Hochzeiten, China - bereist: Oktober 2009

Wir waren die ersten eingeladenen Gäste für die Hochzeit in China von Di und Stephan. Noch bevor sie wussten, dass sie heiraten. Als wir mit ihnen im Auto saßen, sagte ich ihnen, dass wir uns über eine Einladung zu ihrer Hochzeit in China freuen würden, wenn sie mal heiraten sollten. Wir würden kommen.

 

Und wir taten es.

 

Verbunden mit ein paar Tagen in Peking, dem Highlight der 5stündigen Wanderung auf der Chinesischen Mauer und einem Weiterflug nach Japan.

 

Direkt bei der Ankunft im Hotel in Peking sehen wir eine Hochzeit: Die Braut im weißen Kleid, der Bräutigam im schwarzen Anzug. Vorgefahren in einer Mercedes S-Klasse. Nur die Knallfrösche und das Konfetti zeigen, dass wir nicht gerade eine Hochzeit in Düsseldorf sehen.

 

Die Hochzeit findet in der Heimatstadt von Di statt. Chang Chun, eine nicht besonders großen chinesischen Millionenstadt nördlich von Peking. Wir werden von ihrem Cousin und einem Freund, sowie Stephans Bruder abgeholt und bekommen sogleich chinesische Gastfreundschaft zu spüren. Als erstes gehen wir essen. Die 10 bestellten Teller mit Dim Sums sind nur für uns beide. Die anderen haben schon gegessen. Danach ging es mit Familie zum Sightseeing, dem Palast des letzten Kaisers von China, der nur als Marionette der eigentlichen Machthaber seine Zeit totgeschlagen hat (so steht es auf den Schautafeln im Museum des Palastes).
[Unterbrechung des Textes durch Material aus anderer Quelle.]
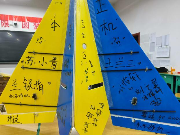 在实践队员指导下,同学们完成了航模的制作。在过程中,同学们积极提问、大胆实践、一丝不苟、团结协作,一架架完美的航模制作完成。同学们在亲手制作的航模上写下自己对未来的期望,表现出对生活的无限热爱以及对自己亲手制作的航模成功飞上蓝天的自信。

Abends wird wieder gegessen. Anders als bei uns beim Chinesen bestellt nicht jeder für sich die 72 oder die 64 oder Huhn Süß/sauer, sondern der Gastgeber bestellt und es landet alles auf einer runden Platte in Mitten des runden Tisches. Diese wird gedreht und jeder nimmt sich von den Leckereien. Das meiste war sehr lecker, manches ungewöhnlich und manches würde eine langwierige Gewöhnungszeit benötigen. Qualle hat eine gummiartige Konsistenz, die einfach nicht in den Mund gehört. Hühnerfüße süß/sauer sollen zwar gesund sein und gut für die Knochen durch das Cholagen, aber sie schmecken nur nach Soße und sehen aus wie eine mittelgroße Hand, in die man beißen soll. Auch Seegurken und Rehfüße haben aus gutem Grund den Weg auf deutsche Speisekarten nicht gefunden.

 

Im Hotel spricht niemand deutsch. Die Hotelangestellten sind angewiesen beim kleinsten Pieps von uns ein Familienmitglied anzurufen zum Übersetzen und klären. Sie lassen uns noch nicht einmal die Chance ewas mit Händen und Füßen zu erklären. Dabei kann ich fehlendes heißes Wasser beim Duschen sehr gut mit zwei Handbewegungen erklären. Auch das ist Teil der großartigen Gastfreundschaft, die wir erfahren.

 

Der Tag der Hochzeit beginnt früh in einem Hotelzimmer. Stephan wird dekoriert in traditionelles rot. Die schwarzen Socken muss er ausziehen. Sowas trägt man doch nicht. Man trägt weiße Socken!

Der Raum ist gut gefüllt mit 6 angereisten Deutschen, ein paar chinesischen Familienmitgliedern und jede Menge Fotografen und kameraleuten. jeder Handgriff wird Megabyteweise festgehalten. Ein chinesisches Fernsehteam ist dabei, die das große Fest des Deutschen mit der Chinesin festhält und überträgt. Die Eltern von Di sind she rgut verdrahtet und recht bekannt in der Stadt durch ihren Spirituosenladen.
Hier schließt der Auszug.